*What to do*
From the first line of the material to the line containing "4. Temporarily attach", inclusive, write out each line exactly, leaving out the pictures.

=== Provided records ===

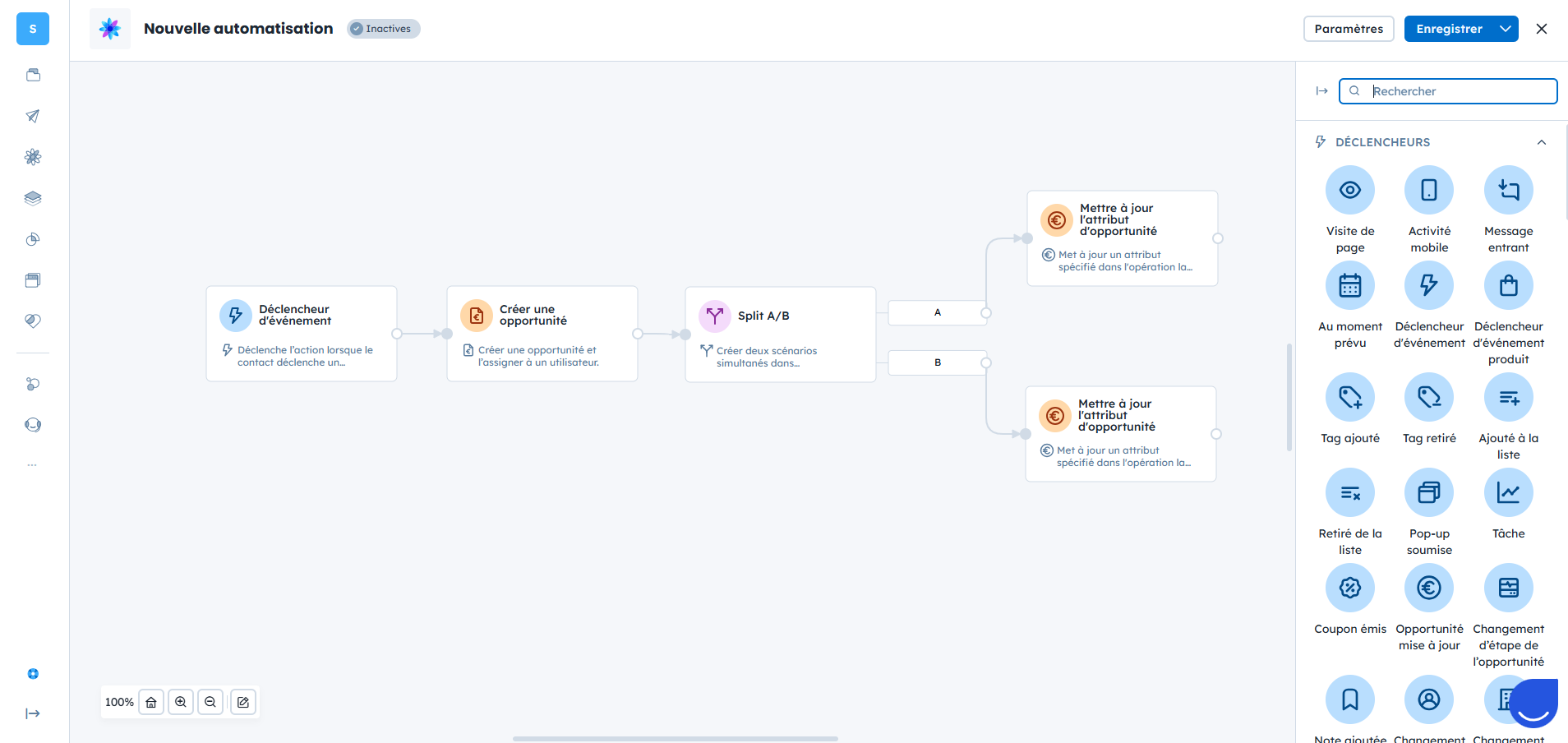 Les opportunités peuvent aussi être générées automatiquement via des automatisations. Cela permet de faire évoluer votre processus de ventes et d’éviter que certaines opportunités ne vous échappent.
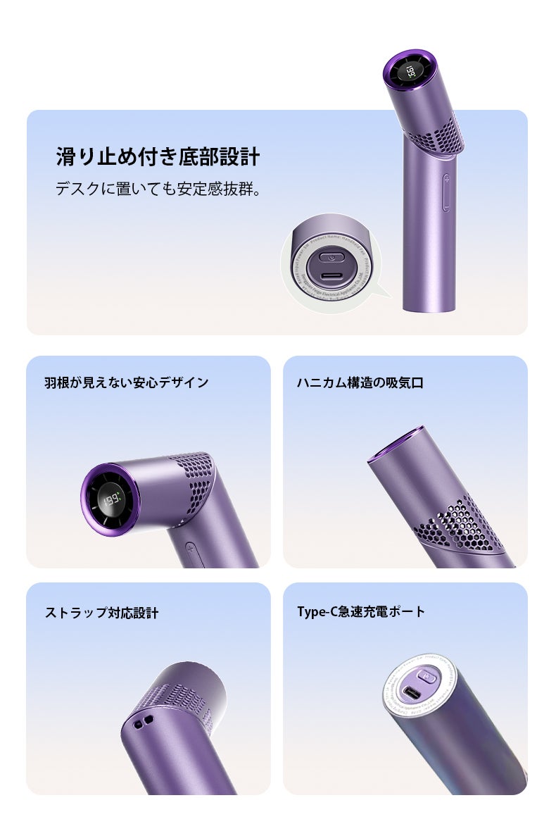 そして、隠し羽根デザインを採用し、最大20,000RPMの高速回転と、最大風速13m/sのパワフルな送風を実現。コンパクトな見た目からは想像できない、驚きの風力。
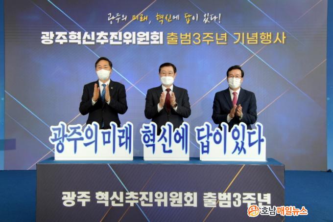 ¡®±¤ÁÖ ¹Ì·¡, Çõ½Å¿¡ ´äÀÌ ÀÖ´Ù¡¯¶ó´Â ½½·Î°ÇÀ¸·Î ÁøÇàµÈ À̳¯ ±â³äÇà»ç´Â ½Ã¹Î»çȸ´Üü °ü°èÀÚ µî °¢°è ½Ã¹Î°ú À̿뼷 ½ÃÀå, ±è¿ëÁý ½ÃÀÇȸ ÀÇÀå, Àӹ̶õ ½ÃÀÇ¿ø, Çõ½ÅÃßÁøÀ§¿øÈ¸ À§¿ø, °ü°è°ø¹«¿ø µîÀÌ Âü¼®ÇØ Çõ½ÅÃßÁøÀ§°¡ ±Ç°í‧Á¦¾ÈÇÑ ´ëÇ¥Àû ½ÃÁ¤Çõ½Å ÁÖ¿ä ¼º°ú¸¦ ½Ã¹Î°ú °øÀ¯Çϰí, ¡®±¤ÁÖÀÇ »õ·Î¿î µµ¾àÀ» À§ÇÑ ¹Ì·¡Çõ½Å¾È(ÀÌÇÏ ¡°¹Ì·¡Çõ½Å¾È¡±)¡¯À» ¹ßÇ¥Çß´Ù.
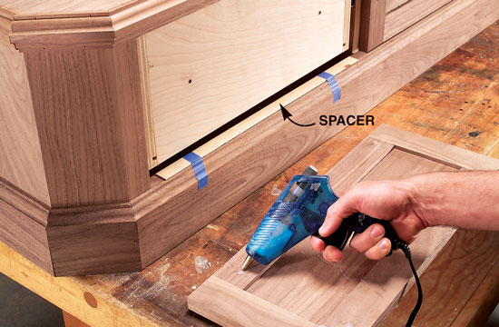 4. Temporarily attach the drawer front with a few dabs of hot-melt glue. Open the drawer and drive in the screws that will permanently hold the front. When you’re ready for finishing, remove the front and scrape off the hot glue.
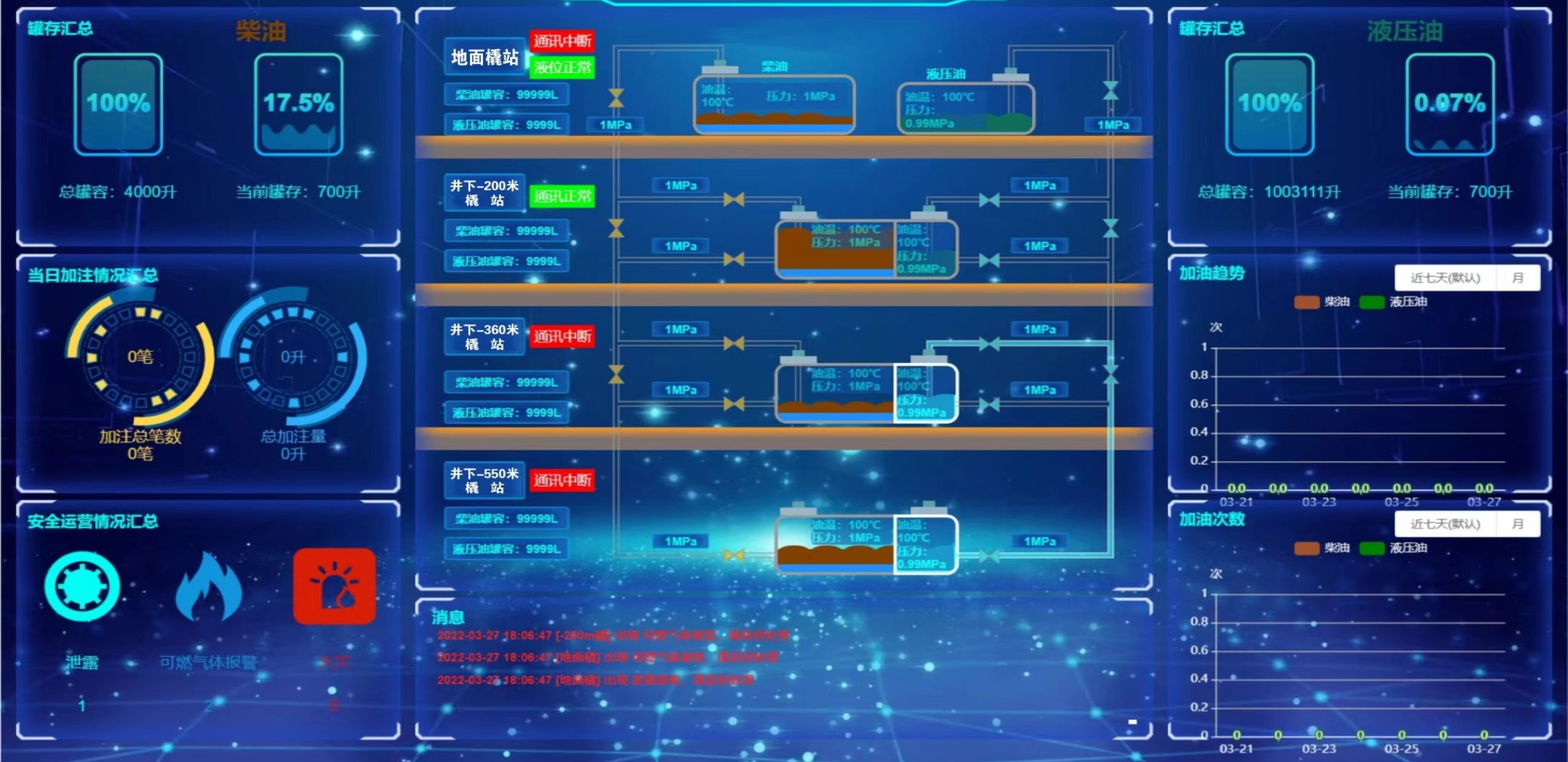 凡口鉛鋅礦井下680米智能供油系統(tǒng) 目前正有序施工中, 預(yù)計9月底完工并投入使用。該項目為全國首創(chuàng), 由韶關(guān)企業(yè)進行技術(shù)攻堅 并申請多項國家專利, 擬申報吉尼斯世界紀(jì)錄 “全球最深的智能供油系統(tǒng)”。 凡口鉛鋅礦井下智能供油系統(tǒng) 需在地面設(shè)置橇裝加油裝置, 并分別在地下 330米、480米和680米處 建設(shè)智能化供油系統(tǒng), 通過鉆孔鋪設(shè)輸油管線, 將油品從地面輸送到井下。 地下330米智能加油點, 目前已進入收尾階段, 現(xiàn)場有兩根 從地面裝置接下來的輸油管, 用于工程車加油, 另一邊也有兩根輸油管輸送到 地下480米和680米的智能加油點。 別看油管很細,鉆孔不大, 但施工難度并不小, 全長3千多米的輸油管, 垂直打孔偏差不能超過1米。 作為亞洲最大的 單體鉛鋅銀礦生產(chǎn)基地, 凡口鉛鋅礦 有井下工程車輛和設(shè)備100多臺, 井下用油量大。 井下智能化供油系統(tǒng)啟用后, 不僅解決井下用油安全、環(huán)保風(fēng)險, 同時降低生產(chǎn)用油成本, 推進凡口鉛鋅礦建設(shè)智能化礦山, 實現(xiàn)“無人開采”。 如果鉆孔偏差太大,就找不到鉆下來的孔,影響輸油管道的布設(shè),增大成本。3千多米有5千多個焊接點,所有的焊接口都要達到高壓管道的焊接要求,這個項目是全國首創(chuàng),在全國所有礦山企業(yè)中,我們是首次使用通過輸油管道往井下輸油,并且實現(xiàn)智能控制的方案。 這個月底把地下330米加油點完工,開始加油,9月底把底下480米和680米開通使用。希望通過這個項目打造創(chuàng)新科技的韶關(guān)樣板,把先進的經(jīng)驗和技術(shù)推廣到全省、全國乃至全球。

===

*Task solution*
 Les opportunités peuvent aussi être générées automatiquement via des automatisations. Cela permet de faire évoluer votre processus de ventes et d’éviter que certaines opportunités ne vous échappent.
 そして、隠し羽根デザインを採用し、最大20,000RPMの高速回転と、最大風速13m/sのパワフルな送風を実現。コンパクトな見た目からは想像できない、驚きの風力。
 ¡®±¤ÁÖ ¹Ì·¡, Çõ½Å¿¡ ´äÀÌ ÀÖ´Ù¡¯¶ó´Â ½½·Î°ÇÀ¸·Î ÁøÇàµÈ À̳¯ ±â³äÇà»ç´Â ½Ã¹Î»çȸ´Üü °ü°èÀÚ µî °¢°è ½Ã¹Î°ú À̿뼷 ½ÃÀå, ±è¿ëÁý ½ÃÀÇȸ ÀÇÀå, Àӹ̶õ ½ÃÀÇ¿ø, Çõ½ÅÃßÁøÀ§¿øÈ¸ À§¿ø, °ü°è°ø¹«¿ø µîÀÌ Âü¼®ÇØ Çõ½ÅÃßÁøÀ§°¡ ±Ç°í‧Á¦¾ÈÇÑ ´ëÇ¥Àû ½ÃÁ¤Çõ½Å ÁÖ¿ä ¼º°ú¸¦ ½Ã¹Î°ú °øÀ¯Çϰí, ¡®±¤ÁÖÀÇ »õ·Î¿î µµ¾àÀ» À§ÇÑ ¹Ì·¡Çõ½Å¾È(ÀÌÇÏ ¡°¹Ì·¡Çõ½Å¾È¡±)¡¯À» ¹ßÇ¥Çß´Ù.
 4. Temporarily attach the drawer front with a few dabs of hot-melt glue. Open the drawer and drive in the screws that will permanently hold the front. When you’re ready for finishing, remove the front and scrape off the hot glue.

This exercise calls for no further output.